In January 1987, Stumm GmbH was renamed Marquard & Bahls GmbH. In the 1990s, a new service-station organization was established, which has since started operating under the brand Oil!. Beyond this, the company had been active in the sale of heating oil to end-consumers since the 1980s; these activities were bundled under the Petronord umbrella in 1996.

In 1999, Marquard & Bahls entered the aviation fuelling business, and further expanded this line of business, which operated as Skytanking, in the following years.

=== 2000s and 2010s ===
Since 2002, Marquard & Bahls has been active in the field of renewable energies and invested in a wood-fired power plant. As a by-product of the plant, wood pellets were produced, which were sold by GEE Energy, a subsidiary of Marquard & Bahls.
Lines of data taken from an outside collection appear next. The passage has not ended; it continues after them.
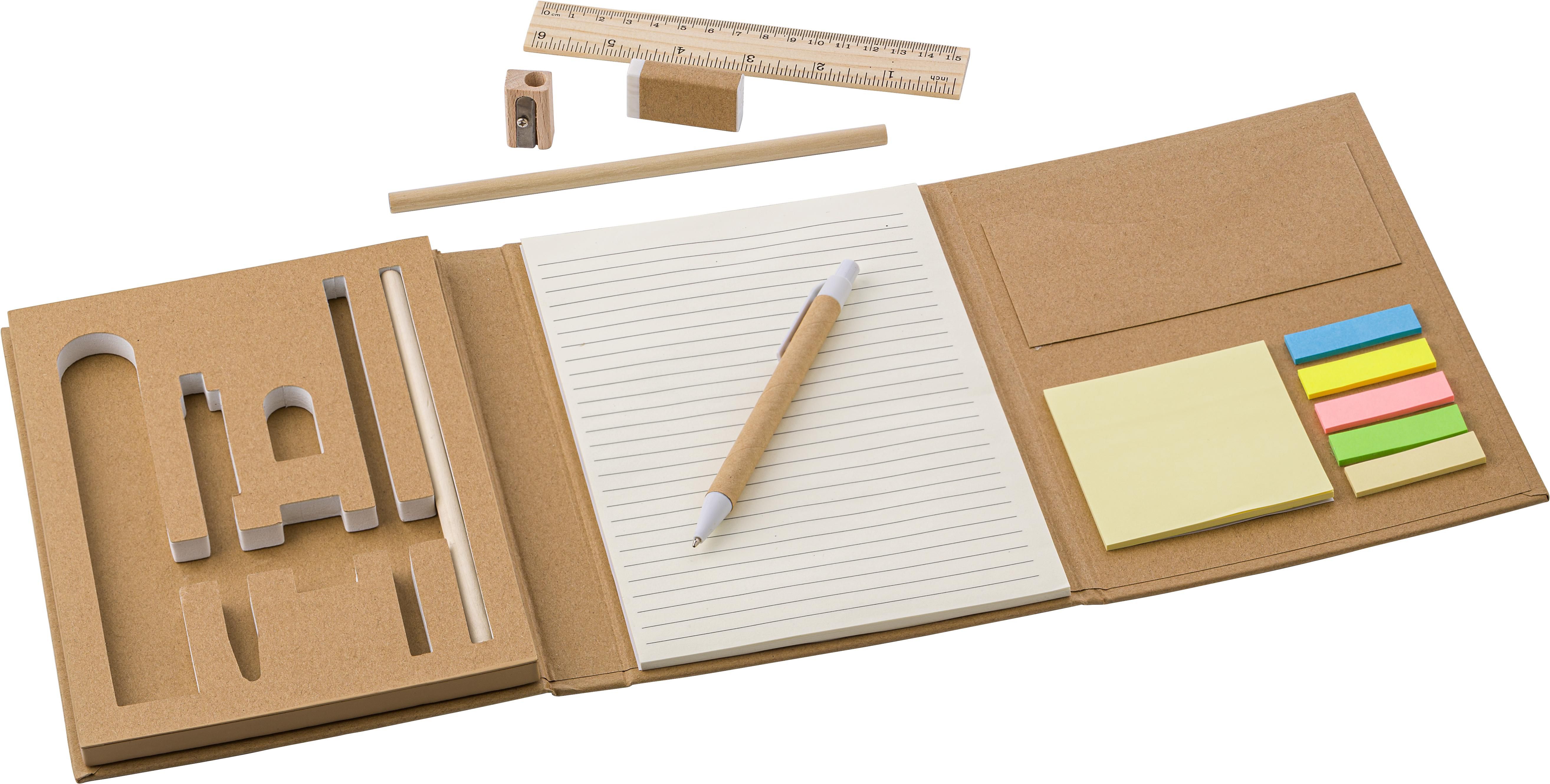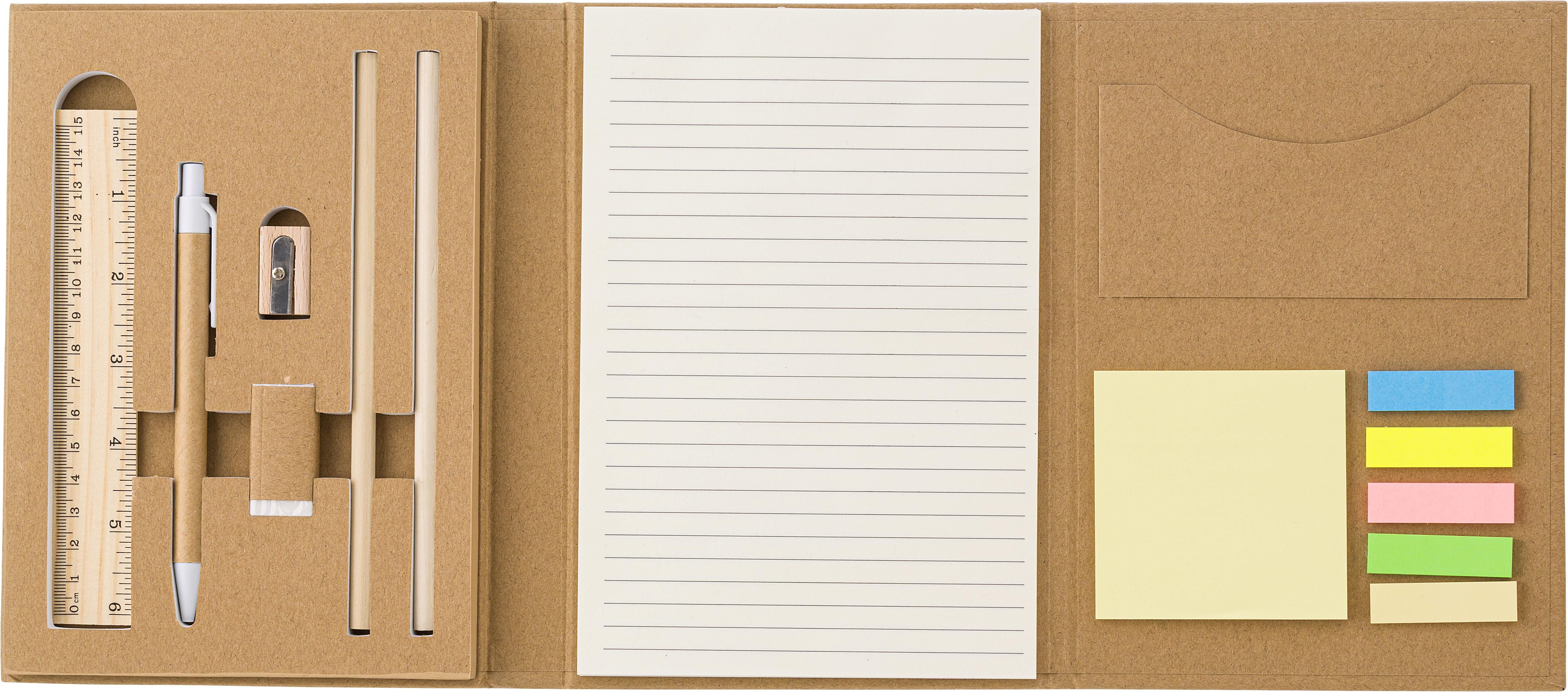 Set di scrittura in cartone, comprende taccuino con 40 pagine a righe, righello in bamboo 15 cm, due matite, un temperamatite, una gomma, memo stick in vari colori, tasca interna, penna a sfera in cartone, refill blu
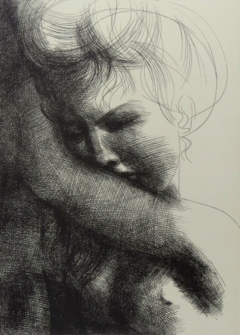 Nelle grafiche di Emilio Greco, le giovani si offrono allo sguardo come in un gioco d'ombre. I corpi non sono mai esibiti: sono presenze raccolte, spesso col capo chino, le spalle curve, le mani unite. La linea, precisa e leggera, modella un corpo che è idea e memoria, non esibizione. Queste figure non parlano: si ascoltano.
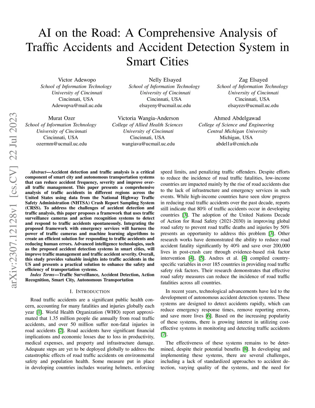 Accident detection and traffic analysis is a critical component of smart city and autonomous transportation systems that can reduce accident frequency, severity and improve overall traffic management. This paper presents a comprehensive analysis of traffic accidents in different regions across the United States using data from the National Highway Traffic Safety Administration (NHTSA) Crash Report Sampling System (CRSS). To address the challenges of accident detection and traffic analysis, this paper proposes a framework that uses traffic surveillance cameras and action recognition systems to detect and respond to traffic accidents spontaneously. Integrating the proposed framework with emergency services will harness the power of traffic cameras and machine learning algorithms to create an efficient solution for responding to traffic accidents and reducing human errors. Advanced intelligence technologies, such as the proposed accident detection systems in smart cities, will improve traffic management and traffic accident severity. Overall, this study provides valuable insights into traffic accidents in the US and presents a practical solution to enhance the safety and efficiency of transportation systems.

Among the activities in the field of renewable energy was, in addition to the trading of biofuels, which was part of Mabanaft until 2018, also biogas. The Mabagas subsidiary realized biogas projects based on organic waste from 2008 to 2018.
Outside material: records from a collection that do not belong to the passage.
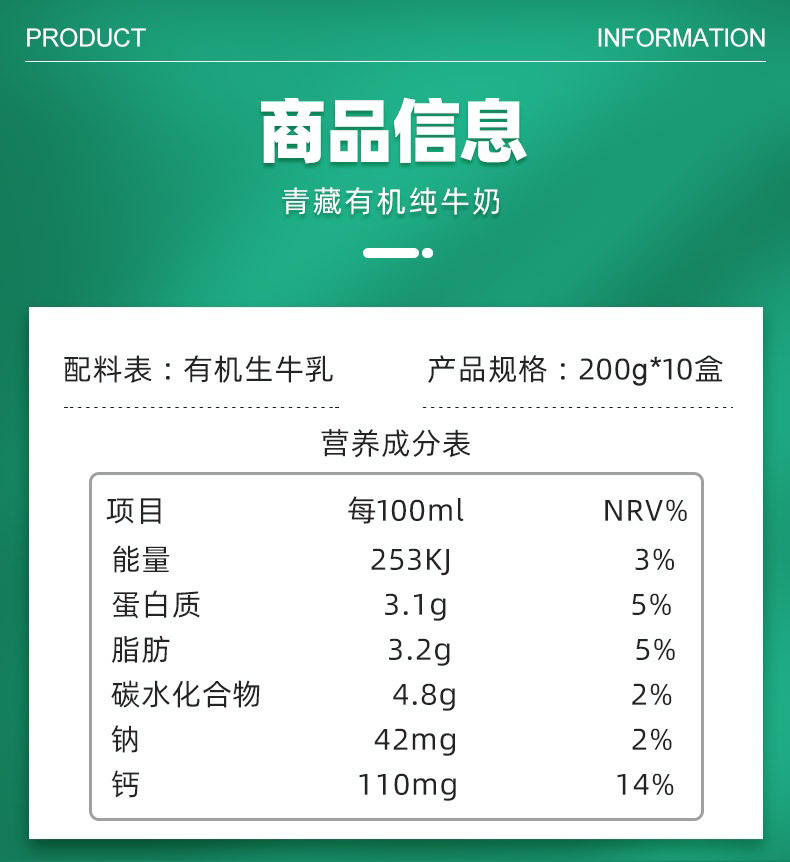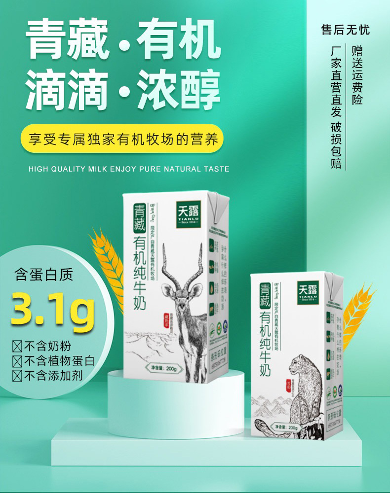 有机|青藏纯牛奶高端好喝全脂有机牛奶200克*10盒/箱儿童孕妇牛奶
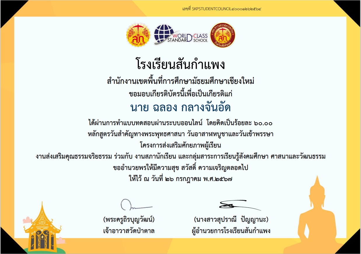 โรงเรียนสันกำแพง ขอมอบเกียรติบัตรฉบับนี้เพื่อแสดงว่า นายฉลอง กลางจันอัด ได้ผ่านการทดสอบความรู้ด้วยระบบอเล็กทรอนิกส์ เรื่อง "วันอาสาฬหบูชา และ วันเข้าพรรษา ปี ๒๕๖๗" ขอให้มีความสุข ความเจริญ และ มุ่งมั่นพัฒนาตนเองต่อไป
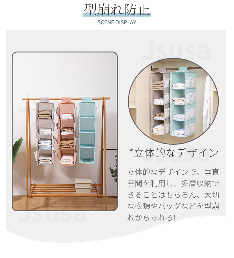 立体的なデザインで、垂直空間を利用し、多層収納できることはもちろん、大切なバッグや衣類などを型崩れから守れる!
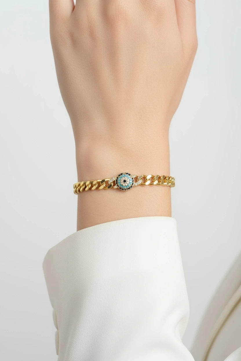 İnce Ezik Bağlı Model Göz Detay Gold Altın Kaplama Bileklik
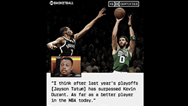 皮尔斯:我觉得塔图姆现在已经比杜兰特强了!
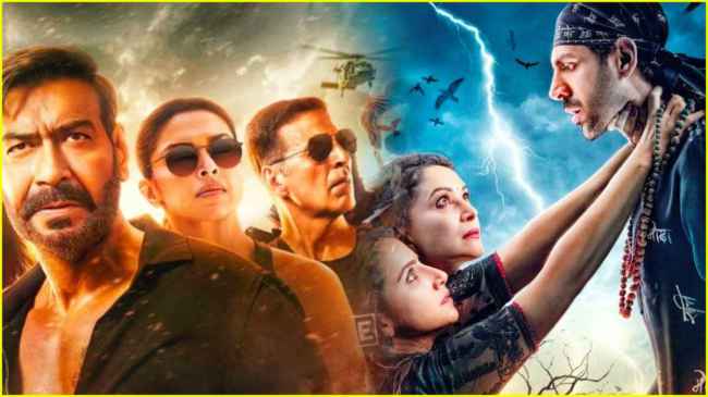 भूल भुलैया 3' (Bhool Bhulaiyaa 3) और एक्शन फिल्म 'सिंघम अगेन' (Singham Again) दोनों ही फैंस को बेहद पसंद आईं। बॉक्स ऑफिस पर कार्तिक आर्यन (Kartik Aaryan) और अजय देवगन (Ajay Devgn) की फिल्मों ने कमाई के सारे रिकॉर्ड तोड़ दिए हैं। 'भूल भुलैया 3' और 'सिंघम अगेन' ताबतोड़ कमाई कर रही हैं।
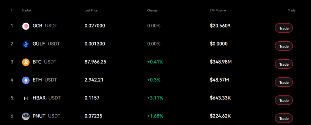Centralized Exchange (CEX): Users can trade over 500 cryptocurrencies
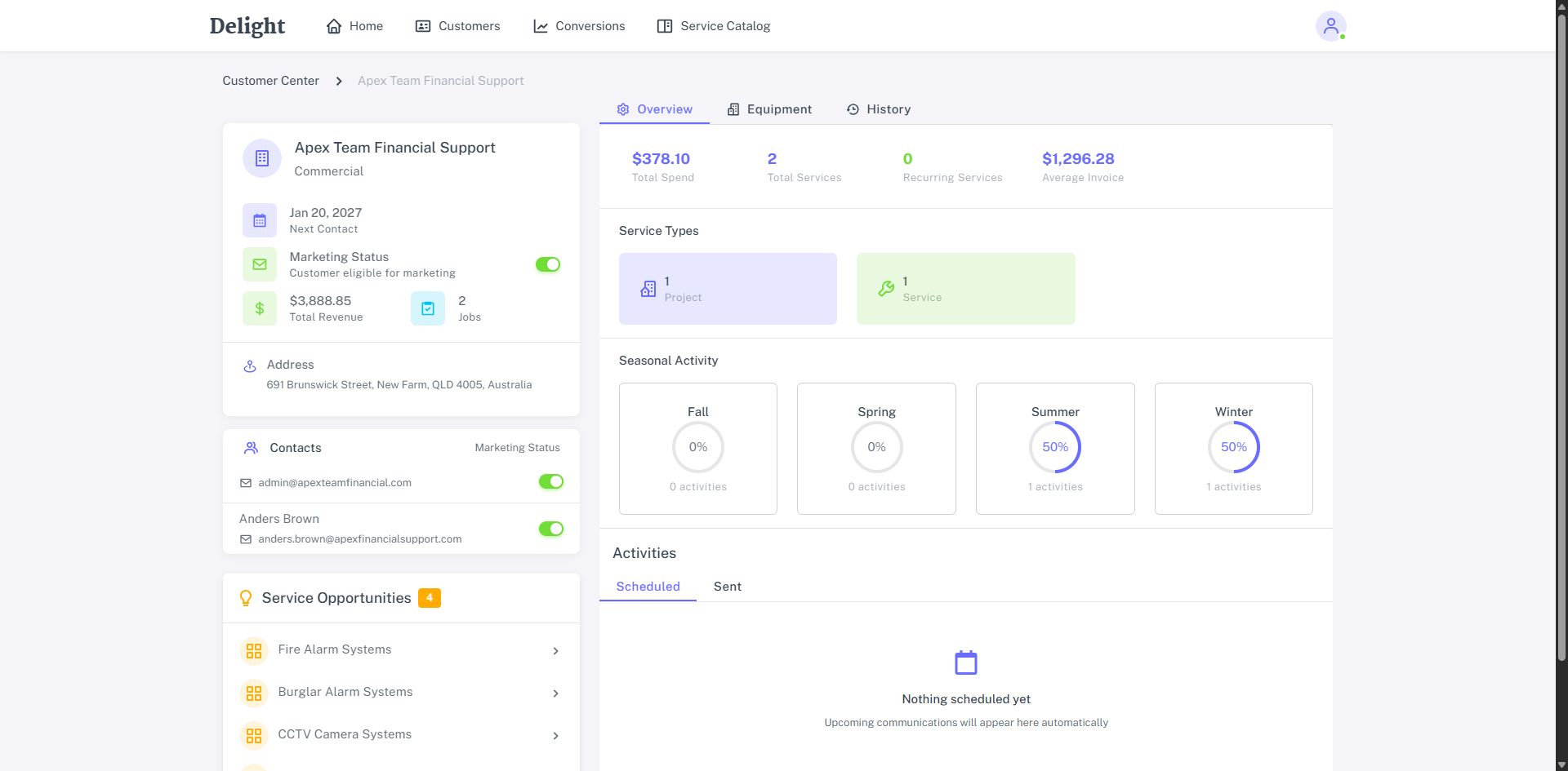 Filter and access customers to get a more granular view. See the total revenue, contact details, service opportunities, email activities, seasonal activity, equipment and the contact history of a customer.
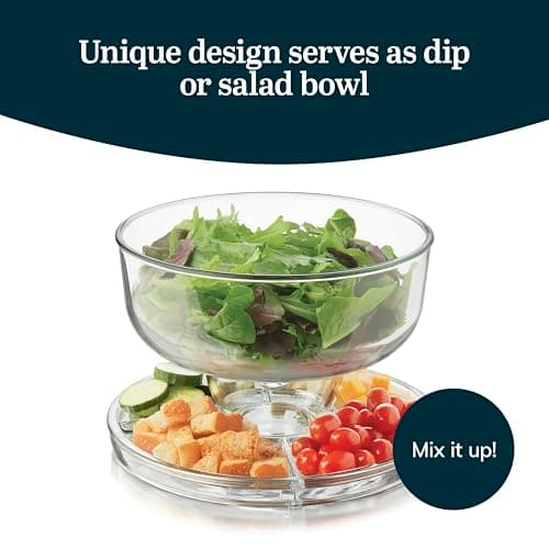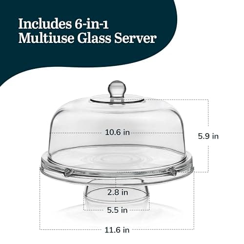 Libbey Selene 6-in-1 Domed Cake Stand, Unique Space Saving Glass Cake Stand with Dome, Multi-Purpose Dip Bowl To Serve Snacks and More

In 2008 and 2011, Marquard & Bahls acquired shares in Newsco International Energy Services companies through its subsidiary Oiltanking. By 2014, Marquard & Bahls had increased its holdings to secure a majority stake in Newsco. However, in March 2017, Marquard & Bahls decided to sell all of these shares again.

In May 2012, Oiltanking acquired United Bulk Terminals in the US. This division had been directly allocated to Marquard & Bahls since the end of 2014 until September 2019, when Marquard & Bahls sold United Bulk Terminals.
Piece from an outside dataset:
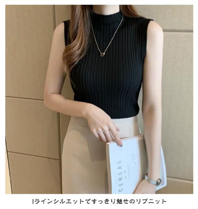 トップス ニット サマーニット オフィスカジュアル 1枚で決まる ノースリーブ 夏 フレンチスリーブ きれいめ フィット 大人 レディース オフィス 袖なし 上品 インナー ハイネック ノースリーブ カジュアル 春夏 韓国 韓国ファッション 20代 30代 40代

In August 2019, Marquard & Bahls also sold its stake in Natgas AG, Potsdam, to the former co-shareholder Friedrich Scharr KG, Stuttgart. To expand further into the renewable energy & chemical sector, Marquard & Bahls invested in the Norwegian company Nordic Blue Crude in December 2019.

=== The 2020s ===
In May 2021, an investment was made in the Swiss company Brusa ICS. In February 2022, Marquard & Bahls acquired additional shares in the company. At the end of 2021, in the context of the COVID-19 pandemic, the subsidiary Skytanking was sold.

In February 2022, Oiltanking and Mabanaft were targeted by cyberattacks. The attacks lasted for several weeks and prompted prosecutorial investigations into the offence of extortion.

== Business Areas ==
Marquard & Bahls is organized as a holding company and operates through its subsidiaries in several business areas:

=== MB Energy (before: Mabanaft) ===
MB Energy is the trading division of Marquard & Bahls. It is active in regional trading and wholesaling of petroleum products. The company also operates in the bunkering, service-station and heating oil retail businesses, as well as trading in liquid gas and biofuels. The group consists of more than 100 companies and its annual volume of sales is approximately 12 million tons (as of: 2024). MB Energy sold its shares in the more than 340 Oil! service stations to the British Prax Group in 2023. The transaction, announced in October 2023, was completed in early December 2023.

=== Oiltanking ===
Oiltanking is one of the largest independent tank storage providers for petroleum products, chemicals and gases worldwide. Customers include private and state-owned oil companies, refineries, petrochemical companies, as well as traders of petroleum products and chemicals. In May 2022, a new subsidiary of Oiltanking called Advario was established. Headquartered in Rotterdam, Advario operates 13 tank terminals in Europe, China, Singapore, the Middle East, and the United States. The company owns and operates 45 terminals in 20 countries with a total capacity of 18.5 million cubic metres (as of: May 2022). The total throughput of all tank terminals in 2019 was about 155 million tons. Advario focuses on the areas of petrochemicals, gases, and renewable energies, with an emphasis on sustainable processes and plans to reach net zero operations by 2040.

== Management and governance ==
Since July 2022, Christoph Witte has been CEO of the company, which is not listed on the stock exchange. Hellmuth Weisser was chairman of the supervisory board from 2003 to February 2017. His successor is Daniel Weisser.